Professor Ramkrishna Ramaswamy, Vice Chancellor, University of Hyderabad, Hyderabad inaugurated the conference with the release of a publication on ethics.‘Towards a history of bioethics in India (1980-2010): mapping the field’ by Maithreyi MR, Centre for Studies in Ethics and Rights, Mumbai, documents the trajectory of the bioethics movement in India. Professor Ramaswamy underscored the importance of organising NBCs in university settings as it opens up vistas for its students and faculty, besides offering an opportunity to engage with the evolving bioethics discourse.
The inaugural session focussed on the history of the conference, the rationale for its existence, and the relevance of the theme, especially as India is becoming a hub for international drug trials, a number of which raised ethical concerns.
In his address, Amar Jesani, Editor, Indian Journal of Medical Ethics, dwelt on the paradox that haunts research in contemporary India. Regulatory mechanisms are weak and insufficient in several places in the country; while in other areas, there is excessive scrutiny. This uneven quality of regulation is detrimental to good research.
Dr GVS Murthy, Director, Indian Institute of Public Health, Hyderabad, stressed researchers’ ethical responsibility to report all study findings, including failures and limitations. We should not allow the research agenda to be hijacked by funders. It is our collective ethical duty to make research transparent. This point was reiterated by several others at the conference. Transparency in research, an ethical goal in itself, would ensure continuity in research and cut down duplication of efforts. Dr Murthy flagged the three ‘R’s of research ethics which he insisted should not get lost in oversight: respect for individuals/participants; rights of individuals/participants; and regulation – both self-regulation and regulation by external mechanisms of the system.
Dr PM Bhargava, Chairman, Council for Social Development, Hyderabad, focused on the need to distinguish between ethics, morality and law. Ethics becomes important when there is a gap in the law and an absence of other regulatory mechanisms. To that extent, ethics and law are not synonymous. Dr Bhargava shared a 10-point agenda on how to make research more ethical: failures and limitations must be published; the increasing commercialisation of healthcare should be checked; touts should be banned from recruiting participants for trials; the influence of pharmaceutical companies on national governments should be monitored; researchers’ funding with drug companies should be transparent; payment to research participants should be standardised; all institutional ethics committees (IECs) should be regulated by a higher body, possibly at the state level; there should be provision of fast tracking approval for drugs relevant to the local context; there should be more effort to ensure post-trial access for participants; political vested interests should not be allowed to influence research.

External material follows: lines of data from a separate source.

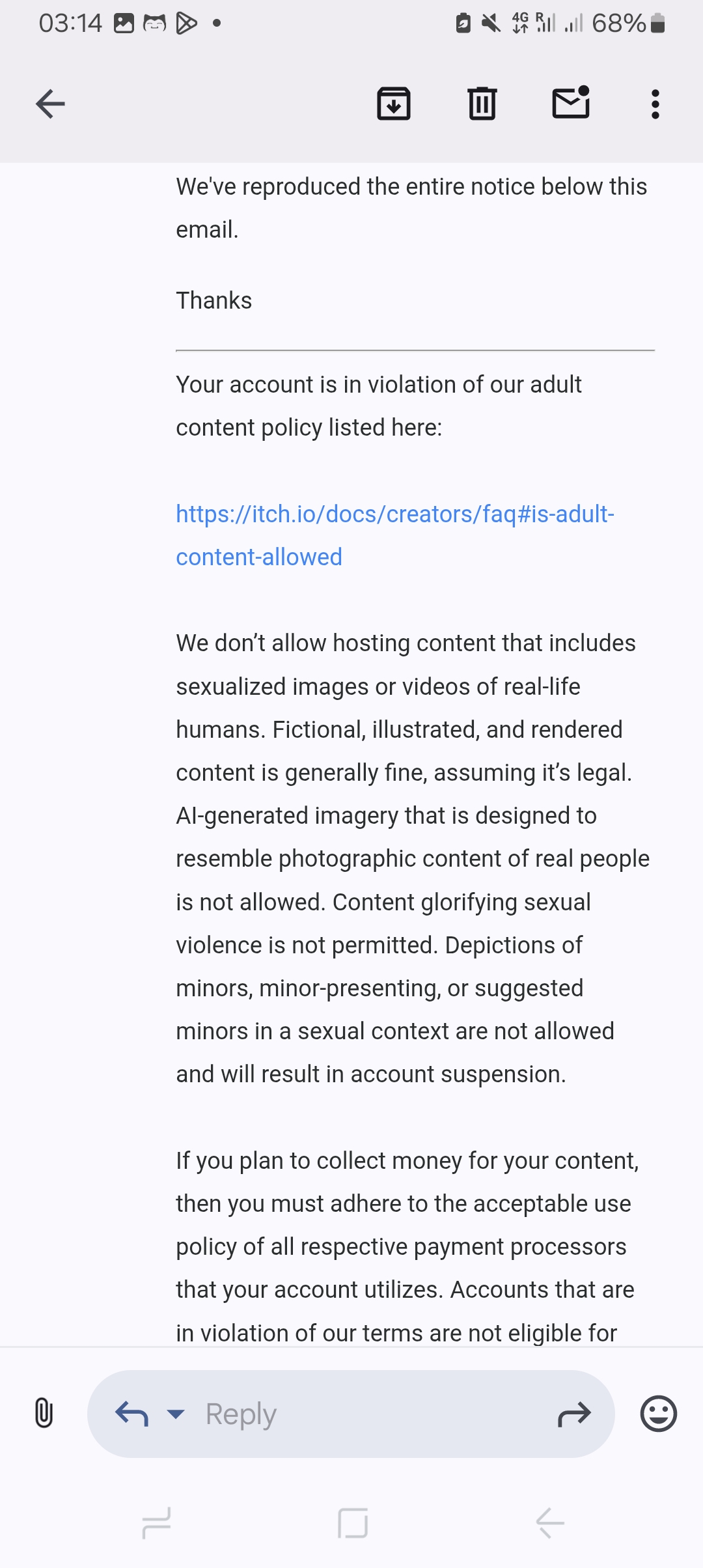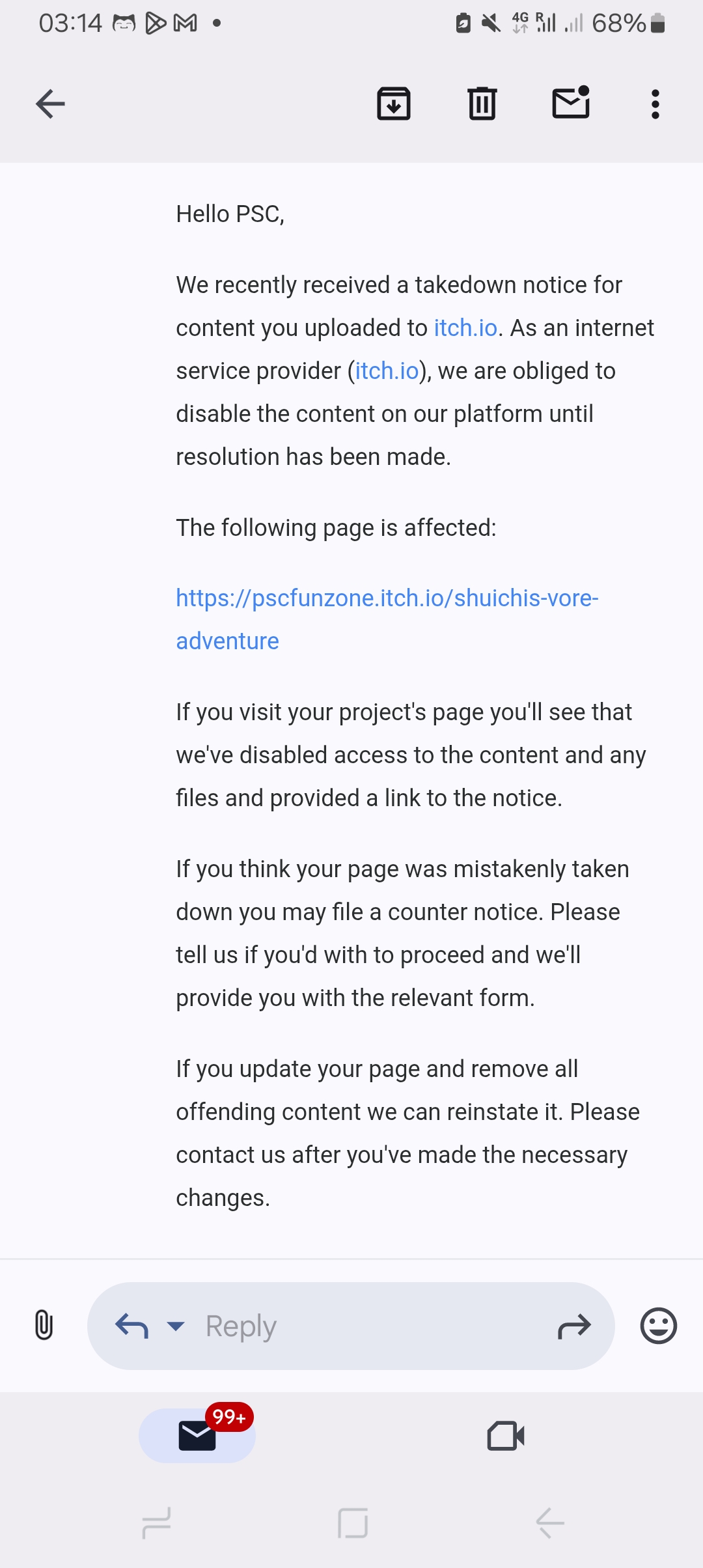 Not a devlog but a rant I guess? I am on break at the moment, working on a personal project, but this morning at 1:30 am I got this email telling me that Shuichi's Vore Adventure was under threat of suspension.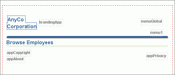 コンポーネントでは、ページ全体をレイアウトできます。ページレベルおよびアプリケーションレベルのテキスト、イメージ、アクションおよびボタンをページの特定の領域にレイアウトするためのファセットがサポートされています。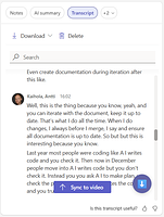 Allow downloading Microsoft Teams meeting transcripts even if you weren't the event organizer. Install this user script in your browser, open the meeting recap, open the transcript, and click on the blue arrow icon. The transcript will be downloaded as a Markdown formatted text file.

Dr GN Rao, Founder and Chairperson, LV Prasad Eye Institute, Hyderabad, pointed out that several professions have their own codes of conduct. Such codes are as important as self-regulation is. He urged the Indian Medical Association to take more responsibility for implementing the code of ethics.
Dr Rao noted that bioethics is not about clinical ethics alone. It refers to biotechnology, law, community, end-of-life issues, and other aspects of our daily lives. The purview of bioethics and its debates should extend further than they do today. An audience member suggested that while bioethics has focused on research ethics, clinical ethics cannot be overlooked; however, looking at clinical ethics in isolation will not solve the problem either. The need is to bridge this gap between research and clinical ethics that exists within the current bioethics movement.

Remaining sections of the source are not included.